Pyke found Harriet Alefounder tending to her flowers in a greenhouse at the back of the main house. She was a tall, distinguished woman, perhaps a couple of years older than her husband, her greying hair concealed under a straw bonnet. Her gaunt shoulders were covered by a woollen shawl and she was wearing gardening gloves. When Pyke explained why he was there — that he was investigating the ‘unexplained’ deaths of two women and needed to talk to her about her husband — he expected her to call out to her butler and have him removed from the property. But instead she took off her bonnet, rearranged her hair, which had been tied up in a knot, and said that in that case they had better retire inside where they would be more comfortable. As they made their way from the greenhouse to the doors at the rear of the house she added, ‘You have to understand my husband isn’t a bad man,’ as though such an explanation were necessary. And then, ‘Of course, you know that William and I no longer live under the same roof.’ Pyke hadn’t known this but nodded as though he did and followed her into the house.

Given what Pyke had already been told about Alefounder’s roving eye, his wife’s story was, in one sense, entirely without surprises. He’d had a string of affairs in their nineteen-year marriage and she, for the most part, had either turned a blind eye or allowed him to do what he needed to do, apparently secure in the belief that he loved her and would never leave her. This proved to be true until he met a woman called Elizabeth Malvern. The wife explained that she hadn’t known about the affair at the time and had only found out about it when William asked her for a divorce.

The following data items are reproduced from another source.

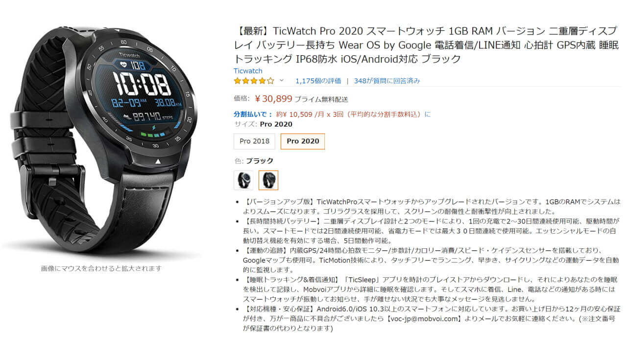 「Ticwatch Pro 2020」の Amazon 価格は 30,899 円で、“ブラック” と “シルバー” の 2 色がラインアップされています。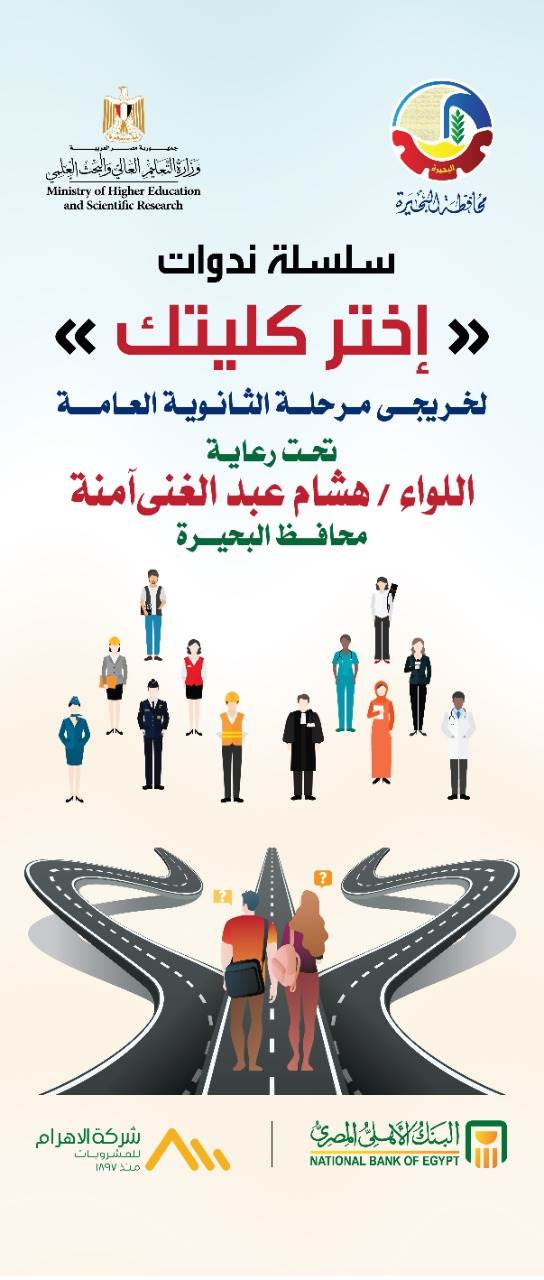 وتحت رعاية اللواء هشام أمنة محافظ البحيرة والدكتورة نهال بلبع نائب المحافظ، تنظم محافظة البحيرة سلسلة ندوات تحت عنوان "اختر كليتك" في الفترة مبدئيا من 10-15 أغسطس 2022 وذلك لإلقاء الضوء على طبيعة الكليات المختلفة وأقسامها المتوفرة ومـا تؤهل إليه من مجالات مختلفة.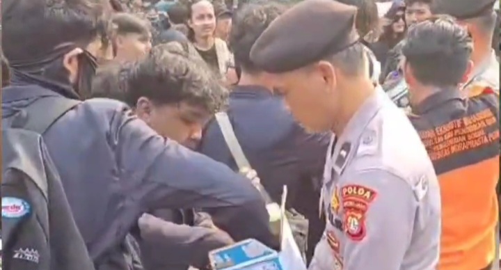 Jakarta – Sebanyak 1.250 Personel Kepolisian diterjunkan untuk mengamankan aksi Unjak Rasa di Gedung MPR/DPR RI. Dalam pengamanan ini seluruh personel ditekankan untuk berlaku humanis kepada massa aksi. Salah satu bentuk aksi humanis yang dilakukan oleh Petugas Kepolisian dengan membagikan air minum sebagai bentuk kepedulian terhadap massa aksi yang tengah menyampaikan pendapat di Jalan Gerbang Pemuda pada Senin sore(25/08/2025)
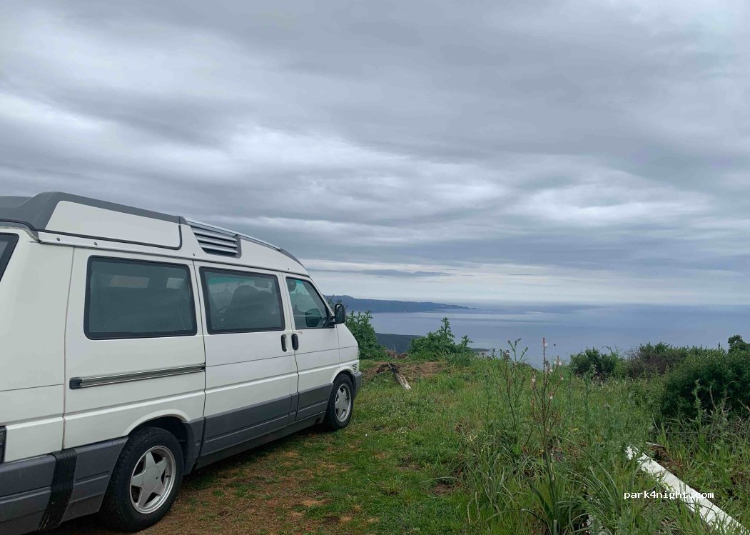 Magnifique spot avec vue panoramique et coucher de soleil sur la mer. Attention il est plutôt prisé, car en venant tôt début septembre nous étions déjà 3 sur le site (le maximum possible selon moi). L’endroit est super calme, personne ne passe sur la petite route, on s’y sent bien en sécurité.

Until this point in her story, Alefounder’s wife hadn’t struck Pyke as a particularly bitter or spiteful person, but when she started to talk about the affair, and about the other woman — the harlot as she called her — her whole demeanour changed and the reason why she’d agreed to talk to him became apparent. She was angry and wanted the chance to vent her spleen. Pyke could well understand the source of this bitterness — her husband’s head suddenly being turned by a younger, prettier, flirtatious rival — and he was surprised to learn that Alefounder had, in the end, agreed to end the affair and return home. Their domestic life was good after that, she explained, for another year or so, and as far as she knew, he hadn’t tried to continue seeing ‘the Malvern harlot’. Everything was fine, until the most recent trip to Jamaica — apparently he undertook these annually to arrange the purchase and shipment of sugar directly from the plantations. When he returned, his whole manner had changed. He was cold, moody and distant, she explained, and refused to talk about the problem. This continued for a number of months and things had finally come to a head within the last month. Without explanation, he had moved out of the house, taking an apartment in the city, and then had demanded a divorce, which she’d refused to give him. That conversation, the last time they’d spoken, had taken place about three weeks earlier. But Harriet Alefounder’s story had one final twist.

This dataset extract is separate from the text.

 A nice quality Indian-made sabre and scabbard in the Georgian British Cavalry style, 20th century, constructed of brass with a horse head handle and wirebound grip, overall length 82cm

Hurt, angry and bewildered, she had followed him in a carriage from his place of work to an apartment on The Strand. After waiting for a period of time, she followed him into the building. She’d found his apartment easily enough. All she had to do was ask one of the other residents. At the door she’d listened and heard a female voice laughing. It was the laughing which had cut her the deepest, she explained. She had paced up and down the pavement outside the apartment building for the rest of the evening. Eventually the front door opened, and that was when she saw them, arm in arm: her husband and a pretty mulatto girl. She’d fled The Strand without being spotted.

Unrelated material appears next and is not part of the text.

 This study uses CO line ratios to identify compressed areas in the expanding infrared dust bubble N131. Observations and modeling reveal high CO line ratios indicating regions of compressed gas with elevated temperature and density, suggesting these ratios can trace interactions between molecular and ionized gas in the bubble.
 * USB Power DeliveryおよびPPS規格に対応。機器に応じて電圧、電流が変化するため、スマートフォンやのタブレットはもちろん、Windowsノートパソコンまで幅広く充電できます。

Outwardly Pyke tried to remain calm, but inwardly his heart was hammering against his ribcage. This was the confirmation he’d been looking for and it had come from the unlikeliest of sources. Of course, it didn’t prove anything more than that Alefounder had been sleeping with Mary Edgar, and perhaps had been since his last visit to Jamaica, but it gave Pyke enough to warrant another conversation with the trader.